Is there a simpler way to write this code?

def insert(k, v)  # v can either be a single number or a list of numbers, and k may or may not exist in self.dict
  if k in self.dict:
    if isinstance(v, list):
      for e in v:
        self.dict[k].add(e)
    else:
      self.dict[k].add(v)
  else:
    self.dict[k] = {}
    if isinstance(v, list):
      for e in v:
        self.dict[k].add(e)
    else:
      self.dict[k].add(v)

Answer 1

You could use a defaultdict and simplify the code to

def insert(self, k, v): 
   if isinstance(v, list):
      self.dict[k]+=v
   else:
      self.dict[k].append(v)

Note that in this case the dictionary would need to be defined as:

self.dict = defaultdict(list)

Or, if you want to associate a set to your keys you could just change it to defaultdict(set) and use:

def insert(self, k, v): 
   if isinstance(v, list):
      self.dict[k]|=set(v)
   else:
      self.dict[k].add(v)

Answer 2

def insert(k, v): entries = self.dict.setdefault(k, set()) if isinstance(v, list): entries.update(v) else: entries.add(v)

Answer 3

Without any changes to the types you use, you can also just do the following in one line:

def insert(k, v): 
    d.setdefault(k, []).extend(v if isinstance(v, list) else [v])

Or, when using sets:

def insert(k, v): 
    d.setdefault(k, set()).update(v if isinstance(v, list) else [v])

Answer 4

Here's an exercise in the problem showing use of exception handling and limited recursion - this may be the most efficient way to do it.

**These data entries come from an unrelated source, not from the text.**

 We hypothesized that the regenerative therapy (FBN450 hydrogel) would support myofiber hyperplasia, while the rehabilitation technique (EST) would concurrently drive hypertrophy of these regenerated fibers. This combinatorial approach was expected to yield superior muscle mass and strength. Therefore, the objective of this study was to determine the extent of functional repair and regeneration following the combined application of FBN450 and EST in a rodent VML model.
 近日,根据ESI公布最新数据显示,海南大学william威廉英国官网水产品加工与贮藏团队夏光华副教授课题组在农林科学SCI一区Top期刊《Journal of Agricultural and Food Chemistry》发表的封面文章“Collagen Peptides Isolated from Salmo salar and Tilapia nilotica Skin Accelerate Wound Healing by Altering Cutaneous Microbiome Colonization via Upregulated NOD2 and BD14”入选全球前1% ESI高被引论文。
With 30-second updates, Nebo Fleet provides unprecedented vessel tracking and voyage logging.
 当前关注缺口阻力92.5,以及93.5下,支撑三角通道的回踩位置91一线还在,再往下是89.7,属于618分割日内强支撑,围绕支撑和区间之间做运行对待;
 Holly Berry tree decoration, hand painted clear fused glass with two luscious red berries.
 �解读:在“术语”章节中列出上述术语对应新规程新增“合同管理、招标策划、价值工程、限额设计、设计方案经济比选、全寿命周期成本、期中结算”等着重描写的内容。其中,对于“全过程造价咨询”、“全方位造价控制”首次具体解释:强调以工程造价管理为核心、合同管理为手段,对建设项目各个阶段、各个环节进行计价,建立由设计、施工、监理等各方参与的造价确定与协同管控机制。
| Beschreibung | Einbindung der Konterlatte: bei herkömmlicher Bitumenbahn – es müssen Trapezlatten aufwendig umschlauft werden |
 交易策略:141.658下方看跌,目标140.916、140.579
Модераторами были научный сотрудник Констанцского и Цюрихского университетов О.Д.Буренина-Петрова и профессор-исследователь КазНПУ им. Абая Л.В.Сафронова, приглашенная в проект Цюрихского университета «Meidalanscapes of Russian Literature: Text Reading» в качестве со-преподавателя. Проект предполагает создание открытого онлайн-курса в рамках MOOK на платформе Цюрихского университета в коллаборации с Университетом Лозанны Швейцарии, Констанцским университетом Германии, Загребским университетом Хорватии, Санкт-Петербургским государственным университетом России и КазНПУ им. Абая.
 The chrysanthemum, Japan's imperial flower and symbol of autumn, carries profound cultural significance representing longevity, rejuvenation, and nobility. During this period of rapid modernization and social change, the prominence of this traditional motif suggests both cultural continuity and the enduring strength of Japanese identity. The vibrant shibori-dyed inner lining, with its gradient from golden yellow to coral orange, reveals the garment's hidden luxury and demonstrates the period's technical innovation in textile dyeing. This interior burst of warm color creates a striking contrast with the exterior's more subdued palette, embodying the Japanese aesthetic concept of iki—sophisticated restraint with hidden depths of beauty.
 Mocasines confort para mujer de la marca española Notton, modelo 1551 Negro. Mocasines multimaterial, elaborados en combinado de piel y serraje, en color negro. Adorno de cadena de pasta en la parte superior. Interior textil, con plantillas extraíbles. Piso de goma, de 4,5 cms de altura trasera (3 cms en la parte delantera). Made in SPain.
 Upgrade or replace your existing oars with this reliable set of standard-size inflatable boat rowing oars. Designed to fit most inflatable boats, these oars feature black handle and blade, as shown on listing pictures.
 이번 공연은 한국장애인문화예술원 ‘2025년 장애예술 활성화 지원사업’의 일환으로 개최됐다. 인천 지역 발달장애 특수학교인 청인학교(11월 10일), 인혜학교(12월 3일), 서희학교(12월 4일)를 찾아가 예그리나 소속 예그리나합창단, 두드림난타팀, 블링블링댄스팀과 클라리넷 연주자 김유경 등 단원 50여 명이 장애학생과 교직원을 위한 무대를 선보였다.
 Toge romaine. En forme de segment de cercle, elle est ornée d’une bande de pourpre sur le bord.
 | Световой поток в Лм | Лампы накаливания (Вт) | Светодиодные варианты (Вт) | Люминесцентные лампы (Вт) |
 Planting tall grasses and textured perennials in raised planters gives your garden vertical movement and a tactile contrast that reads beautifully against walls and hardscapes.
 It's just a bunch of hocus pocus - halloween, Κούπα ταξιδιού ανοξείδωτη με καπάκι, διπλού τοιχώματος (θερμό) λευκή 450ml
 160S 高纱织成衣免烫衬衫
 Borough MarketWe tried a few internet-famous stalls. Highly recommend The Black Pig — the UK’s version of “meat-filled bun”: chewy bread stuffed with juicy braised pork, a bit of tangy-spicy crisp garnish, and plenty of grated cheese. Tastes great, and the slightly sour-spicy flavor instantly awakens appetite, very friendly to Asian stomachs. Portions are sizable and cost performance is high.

Although it 'looks' like the code is larger than other solutions, it compiles down into fewer instructions than the others:

>>> class Foo:
...     def __init__(self):
...         self.dict = {}
... 
...     def insert(self, k, v):
...         try:
...             self.dict[k].extend(v)  # <-- majority of accesses 
...                                     #     only execute this one line.
...         except KeyError:
...             self.dict[k] = []
...             self.insert(k, v)
...         except TypeError:
...             self.dict[k].extend([v])
...             
>>> f = Foo()
>>> f.insert('bob', 1)
>>> f.dict
{'bob': [1]}
>>> f.insert('bob', [3, 4])
>>> f.dict
{'bob': [1, 3, 4]}

I believe this will have the fastest performance assuming most of your data is lists of numbers with only occasional single digits. And that the keys don't vary wildly. The single line self.dict[k].extend(v) should be executed without exceptions the majority of accesses to the object. It incurs no extra cost checking types and testing conditions. Even if single digits were frequent, branching to add them incurs about the same cost as type checking - except this implementation isn't forced to type check every time something is added.